### Action item
Because the images are not wanted, restate every line below word for word without them.

### Supplied information
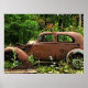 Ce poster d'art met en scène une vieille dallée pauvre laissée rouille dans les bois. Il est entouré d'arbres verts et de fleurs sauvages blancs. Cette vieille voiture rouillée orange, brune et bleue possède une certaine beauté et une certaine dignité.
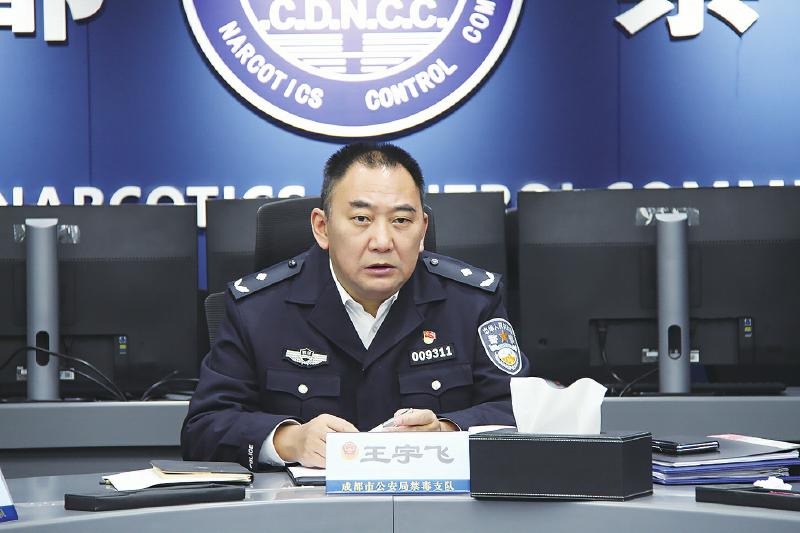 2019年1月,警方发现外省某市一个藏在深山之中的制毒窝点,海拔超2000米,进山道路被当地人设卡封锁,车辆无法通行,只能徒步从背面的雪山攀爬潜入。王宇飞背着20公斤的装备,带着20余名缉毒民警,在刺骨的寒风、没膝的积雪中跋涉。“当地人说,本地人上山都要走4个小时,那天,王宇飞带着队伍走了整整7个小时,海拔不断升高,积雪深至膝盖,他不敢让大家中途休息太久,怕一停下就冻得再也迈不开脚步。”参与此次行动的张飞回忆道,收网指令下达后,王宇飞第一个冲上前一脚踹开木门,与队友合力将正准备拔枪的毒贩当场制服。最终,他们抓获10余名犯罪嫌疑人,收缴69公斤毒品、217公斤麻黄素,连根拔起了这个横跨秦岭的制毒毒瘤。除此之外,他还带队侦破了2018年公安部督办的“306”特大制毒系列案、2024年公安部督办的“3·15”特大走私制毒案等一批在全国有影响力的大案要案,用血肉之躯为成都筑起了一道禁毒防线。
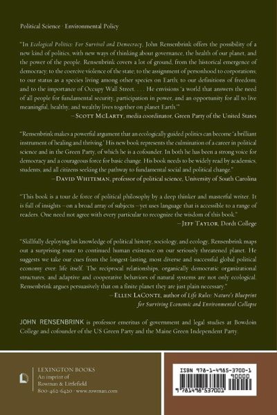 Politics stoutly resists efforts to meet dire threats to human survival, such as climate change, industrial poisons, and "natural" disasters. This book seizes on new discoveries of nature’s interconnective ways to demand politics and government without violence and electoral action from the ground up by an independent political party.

### Result for this task
 Ce poster d'art met en scène une vieille dallée pauvre laissée rouille dans les bois. Il est entouré d'arbres verts et de fleurs sauvages blancs. Cette vieille voiture rouillée orange, brune et bleue possède une certaine beauté et une certaine dignité.
 2019年1月,警方发现外省某市一个藏在深山之中的制毒窝点,海拔超2000米,进山道路被当地人设卡封锁,车辆无法通行,只能徒步从背面的雪山攀爬潜入。王宇飞背着20公斤的装备,带着20余名缉毒民警,在刺骨的寒风、没膝的积雪中跋涉。“当地人说,本地人上山都要走4个小时,那天,王宇飞带着队伍走了整整7个小时,海拔不断升高,积雪深至膝盖,他不敢让大家中途休息太久,怕一停下就冻得再也迈不开脚步。”参与此次行动的张飞回忆道,收网指令下达后,王宇飞第一个冲上前一脚踹开木门,与队友合力将正准备拔枪的毒贩当场制服。最终,他们抓获10余名犯罪嫌疑人,收缴69公斤毒品、217公斤麻黄素,连根拔起了这个横跨秦岭的制毒毒瘤。除此之外,他还带队侦破了2018年公安部督办的“306”特大制毒系列案、2024年公安部督办的“3·15”特大走私制毒案等一批在全国有影响力的大案要案,用血肉之躯为成都筑起了一道禁毒防线。
 Politics stoutly resists efforts to meet dire threats to human survival, such as climate change, industrial poisons, and "natural" disasters. This book seizes on new discoveries of nature’s interconnective ways to demand politics and government without violence and electoral action from the ground up by an independent political party.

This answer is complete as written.